If you're on a plane, you trust that everything is fine, but when a system like that goes down, I mean, there was no backup either. So what the heck happened? And my question is, why did Notam fail? Well, the FAA says, and I quote, the computer failure that grounded thousands of flights was caused by two contractors who introduced data errors into the Notam system, unspecified as they said, personnel were responsible for corrupting the file, which led to the outage of an FAA computer system that sends the safety notices to pilots. And so this came from an agency that monitors this. So the FAA says computer failures on ground flights are a problem, and they know something has to be done about it, but when are they gonna upgrade the system? And so, you know, I can't believe there was no backup to this. This is what gets me.


 John C. Morley: (06:16)

I cannot believe there is no backup system for the notice-to-air missions. So the next question you might be asking me is, how many NOTAMS are used in aviation? Well, you better sit down. So there are nine types of NOTAMs used in the aviation guide. This is according to the FAA. So how to read NOTAMs are a little bit interesting. So they have nine types in the classes. So they have a class called an ICAO NOTAM, distributed by telecommunication rather than a publication. They have a Class 2 NOTAM or published NOTAM. It's a type of ICAO format which is distributed by means other than telecommunications. In the US class, 2 NOTAMs are distributed every 28 days via publication in the notices to airmen publication N Tap journal.


 John C. Morley: (07:21)

That's pretty interesting if you ask me right now. And number 3 international NOTAMs are intended for distribution to more than one country in the United States. The FAA has access to some, but not all, types of international NOTAMs. There are two types of international DO cams that pilots may encounter. One's called a snow TAMs, and the other one's called a bird TAM according to the ICAO. A snow TAM is a special series NOTAM given in a standard format, providing surface condition reports to notify the presence or cessation of hazardous conditions due to snow, ice, slush, frost, standing water or water associated with snow slush ice, or frost on the movement area. Now, snow TAMs are valid for up to eight hours or until a new updated snow TAM has been issued. A new snow TAM may be issued prior to the standard eight-hour interval.


 John C. Morley: (08:16)

If there's a significant change in the runway service conditions, a new runway condition report or RCR is received. So definitely interesting to you know what's going on. And I would have to tell you that NOTAMs are really, I should say, pretty interesting because they're important for pilots.
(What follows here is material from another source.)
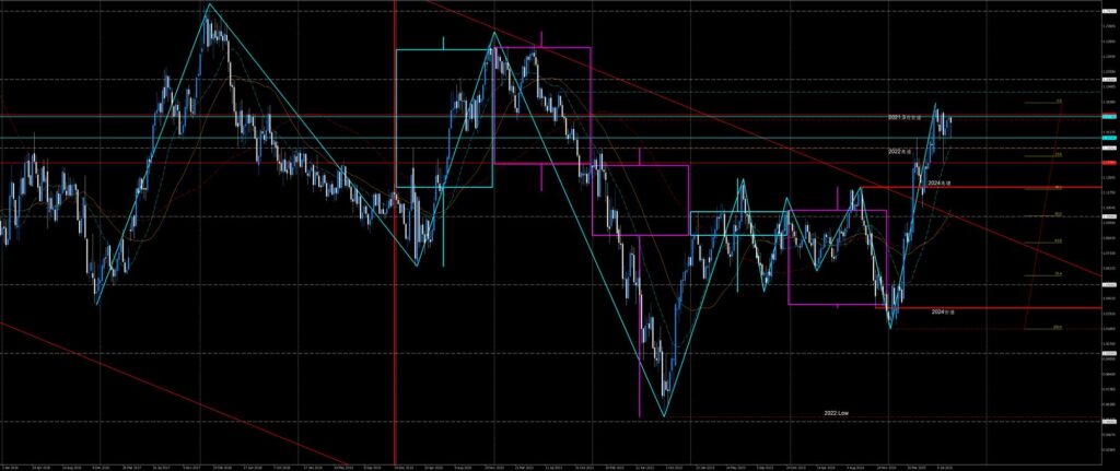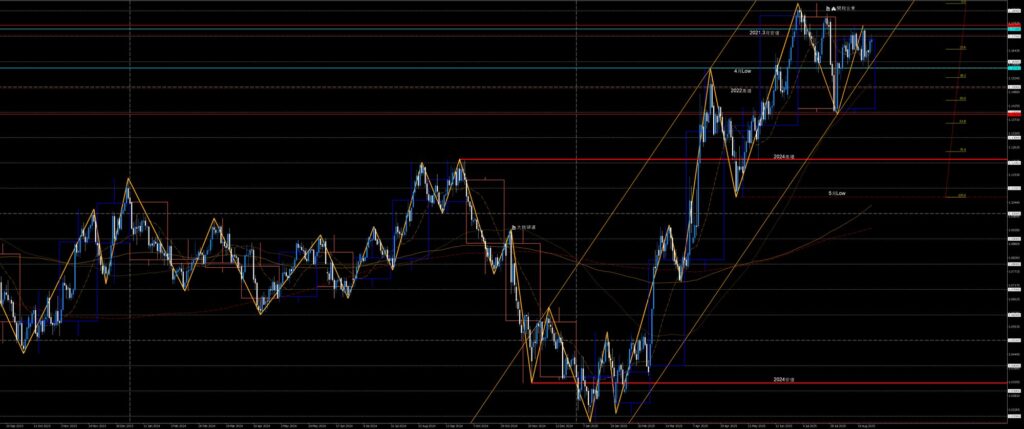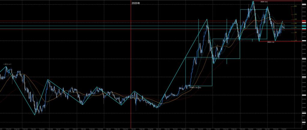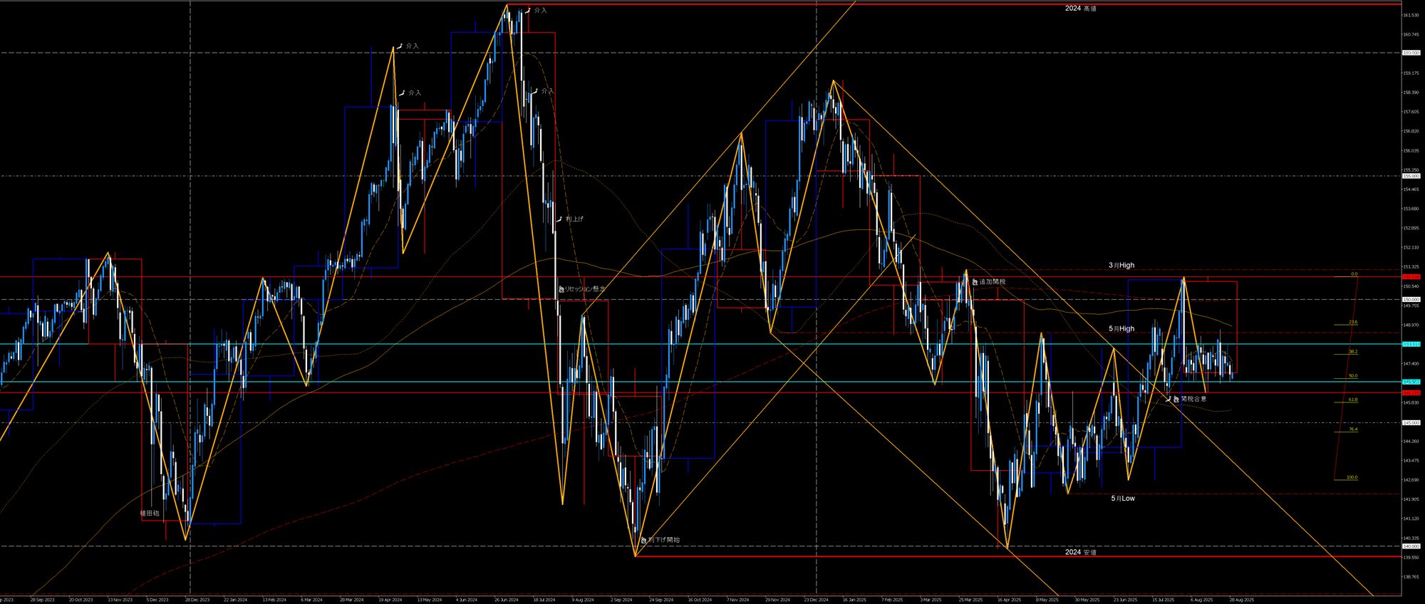 - 2025安値上昇波が2022高安のハラミを上抜けて2021Wトップネックラインに到達
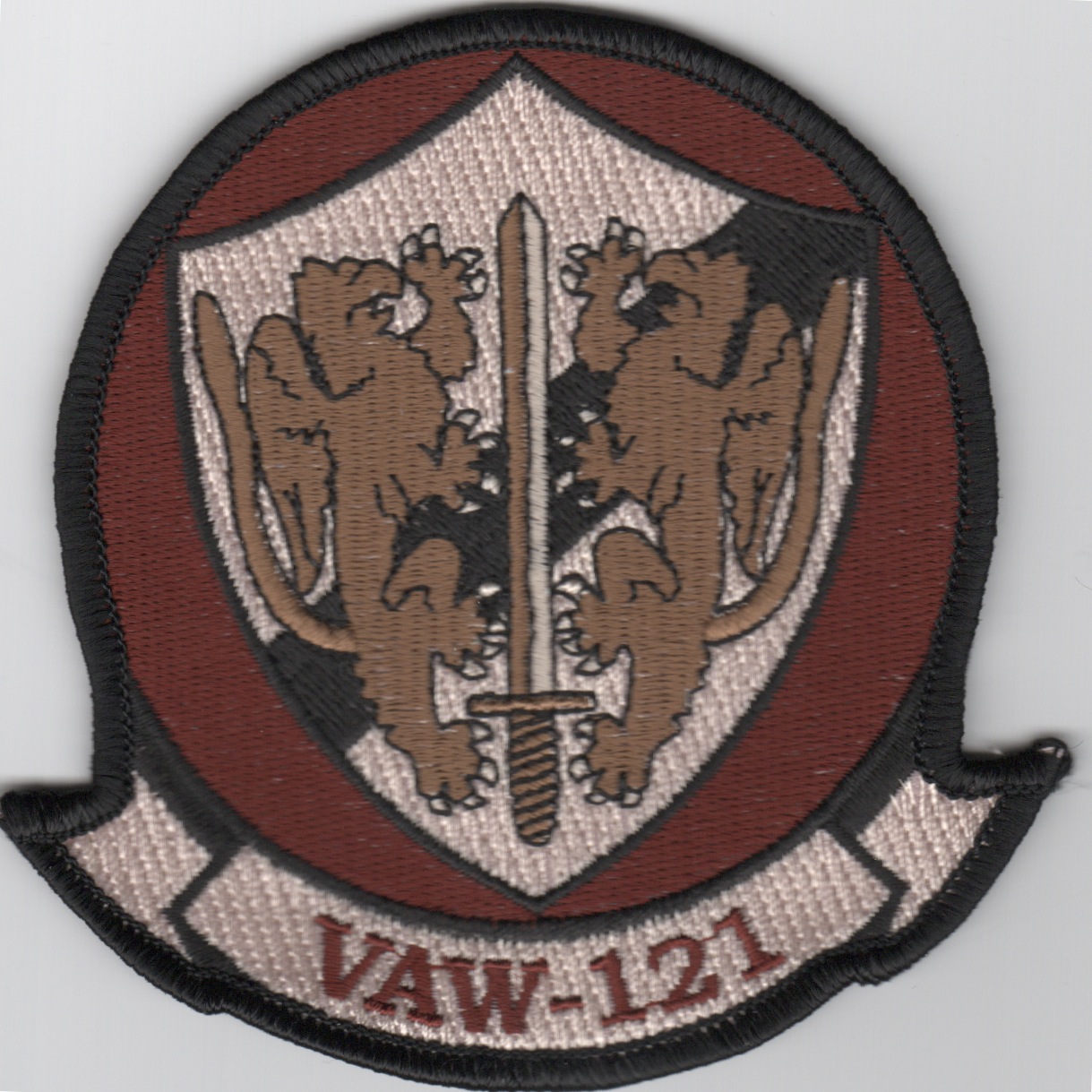 Carrier Airborne Early Warning Squadron 121 (VAW-121), also known as the “Bluetails”, is an Airborne Early Warning (AEW) and Command and control (CC) squadron operating the E-2D Hawkeye based at NAS Norfolk. Currently (SPRING 2016) a part of Carrier Air Wing 11, the Bluetails deploy aboard the USSÊNimitz. This is the desert version of their squadron patch.

There's a domestic NOTAM it's issued in the United States and distributed primarily in the United States, and sometimes can't as well. And they're released using FAA rather than the ICAO format. There's a fifth kind of NOTAM, Civil NOTAMs, and a NOTAM that is not part of the military NOTAM system is considered a civil NOTAM. You have a military NOTAM, which is issued for military airspace, military airports, or through the military NOTAM system considered to be military NOTAM. A seventh type of NOTAM is a flight data centre, or FDC NOTAM, a regulatory type of NOTAM regulatory NOTAMs like temporary flight restrictions (TFR), change to an airway or modification to instrument approaches when they have procedure failures or off-flight centre NOTAMs.


 John C. Morley: (09:25)

We have an eighth type of NOTAM, a centre area NOTAM. In some cases, the content of an FTC NOTAM impacts more than one airport. In this case, the NOTAM will be categorized and located as centre area NOTAMs under the Air Route Traffic Control Center, or the ARTCC. So there's a ninth NOTAM, including the U and the O NOTAM. And the final category of NOTAMs is NOTAMs D, and the D stands for distant and indicates the type of NOTAM that is being distributed both locally and to the area beyond the jurisdiction of the local FSS or the ATC. So what does all this mean? Well, the FDA communicates to pilots through the use of the notice to airmen. And it can be issued for many reasons, and they provide important information on the abnormal state of some parts of the national airspace system. Since NOTAMs are written using a unique language and specialized contractions, if you'll be manually reading a Noam, it's important to review the FAA NOTAM. A lot of these companies all like to have these very proprietary languages, right? And Noam con contradictions are also listed in the appendix to supplement the useful information in the Pilot's Handbook of Aeronautical Knowledge. So it sounds like NOTAMs are great, but it sounds like they are very bloody confusing.


 John C. Morley: (10:47)

I don't think I wanna read a NOTAM. 

So Apple, what the heck's going on with Apple, guys? Apple may be embracing touchscreen laptops. Touchscreen laptops. What the heck is that about? Well, I'll have to tell you that touchscreen laptops are gonna be interesting. I will tell you that a touchscreen laptop is something that's very important to a lot of people. And over the years, apple has added touchscreens to just about every computing device they have, from phones, tablets, and smartwatches. Still, they have kept them from being the feature of its Mac product line has the list of that very long continuing scroll of rivals, so with their laptops and, of course, their desktops. Now in 2010, Apple's founder Steve Jobs described the concept of a computer with a touchscreen as an emerging trend among the company's competitors. So it looks like they're gonna be embracing this too. It was just a matter of time, ladies and gentlemen. That's all it came down to. It was a matter of time.


 John C. Morley: (12:13)

I will tell you that understanding a trend in technology is vital. I mean, it's vital. It's not just important. It's critical for people's existence. Having a touchscreen, not having a touchscreen, is that luxury or a necessity? I think as software starts to evolve, more people are going to see that touchscreens are going to become a necessity. Therefore, the price of devices will decrease since they have to put this on for everyone. That's pretty cool, ladies and gentlemen. I mean, really, really cool. All right, so enough with Apple for right now, but we'll keep an eye on what Apple's doing, as well as some of the other great people, are doing out there because I think trends are gonna keep evolving. And although we might have fads, you know, back and forth, the name of the game is what do we really need in our life?


 John C. Morley: (13:25)

I think that's the number one thing that people want to see. They want to know if they wanna know if they really need to know something or if they don't need to know something. And why is it important? Well, because people get bombarded with so much information in their life that they just shut down mentally and physically. So this means, ladies and gentlemen, that life as we know it will keep evolving, will keep changing will keep morphing, but what we don't know is to what extent? To what extent? So we'll have to keep an eye on that and see where things go, but our life will definitely change. 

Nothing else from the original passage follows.